Given Neutopia is a much smaller target audience, but when this project is released, it will at least as capable as http://alttpr.com/en, and more capable in some ways as random dungeon and overworld layouts are already possible, not just reusing layouts and changing chests.
Codex generated a big chunk of it, so it's clearly a horrible idea and piece of crap not worthy of localhoster here.
Like OK someone vibecoded an FPS in COBOL or Pokémon emerald in a web browser with web assembly? Ok good for them, piss off karma farmer.
Sorry, but most of these discussions reek of extreme gatekeeping. First off, neither of these things are impossibly difficult and are easily doable with some dedication by hand. LLMs simply accelerate the process, the human still has to come up with the architecture, _idea_ and plan to do something like this.
Bonus points if it's ink on paper.
Bonus points if ink and paper are hand crafted by the creator rather than the filthy casuals that rely on paper mills to make their paper for them.

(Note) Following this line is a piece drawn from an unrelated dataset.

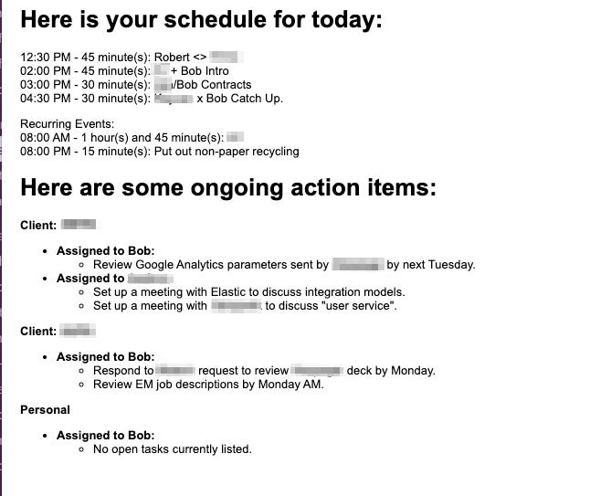 At work, I used to rely on an admin to provide daily summaries and task reminders. The admin, a few hours ahead in time, would send a structured update that helped me focus my day. Could I replicate this workflow using no-code tools and OpenAI’s platform?
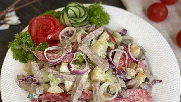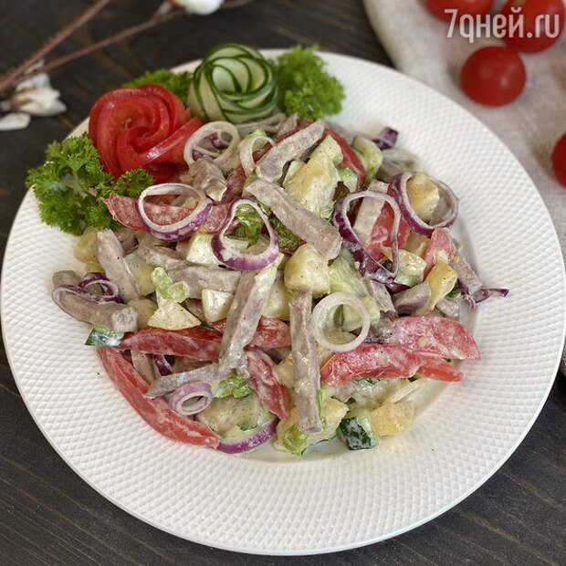 Нежный отварной язык хорош сам по себе как деликатесная закуска. Но с ним можно приготовить и разнообразные салаты. Поделюсь нашим любимым семейным рецептом. Ингредиенты этого сытного и очень вкусного салата отлично сочетаются.

I think the complaints in this thread are not in the spirit of HN. Let's do better.
0) https://hackaday.com/2026/06/06/a-raycast-fps-in-cobol/
It's quite interesting, and describes how the developer used COBOL to implement a raycasting algorithm and generate a stream of PPM images to to pipe into FFplay. There's zero evidence of this being written in Claude; there are multiple clips of the developer working in VSCode, where the Claude plugin doesn't even appear to be installed.
https://www.youtube.com/watch?v=qzpZQe7JT-o
If someone wants to have fun in COBOL, let them have fun in COBOL.
If it’s agentic fun, that’s cool. If it’s an interest in the language, that’s cool. It’s not like you have to have an ROI for a fun side project.
https://github.com/icitry/FPS.cob/blob/main/fps.cob
The stupid engineers could write the code like the grunts they are, and then the manager could read it and verify that it was correct without having to know how a program.
That wasn’t exactly how it was put. And there are obviously some assumptions in they are on how good a job a manager who doesn’t know how to code could ever do.
Certainly an interesting idea though.
But tcl 7.x and before was a pure string-based language. Everything was essentially a eval(). People would hit syntax errors on production code.
Fun, painful times.
The flip side: the interpreter is super simple and fun to write.
There are under-the-hood optimisations to make it less insanely slow but that only affects performance.
Tcl is a cool hack (the interpret is simple to write) but it's insane to actually use it. I wish the EDA industry would realise that.
https://github.com/icitry/FPS.cob/blob/497867bb6827bcfc32d50...
One of the things I like about it is he had to create a little front end to display the game, mirroring actual COBOL practice. Until the 80s or so, COBOL didn't support meaningful terminal I/O in its own right; it was all batch. If you were a mainframe dev and wanted to do terminal interaction, you either had to write your own routines for that in mainframe assembly or use something like CICS, IBM's application server which provided its own terminal handling and transactional database routines accessible through a language extension which got swizzled into regular COBOL by a preprocessor. Creating a layer outside of COBOL to do the things COBOL was deficient in, and using COBOL's regular I/O to communicate with it, is peak mainframe-era engineering.
Other solutions to the same problem existed; there was one called InterComm, which lacked the preprocessor and required you to reserve a shared area of memory and write messages to InterComm directly into it. These days there's KICKS, an open source library API-compatible with CICS, aimed at the sort of person who faffs about with old software on Hercules.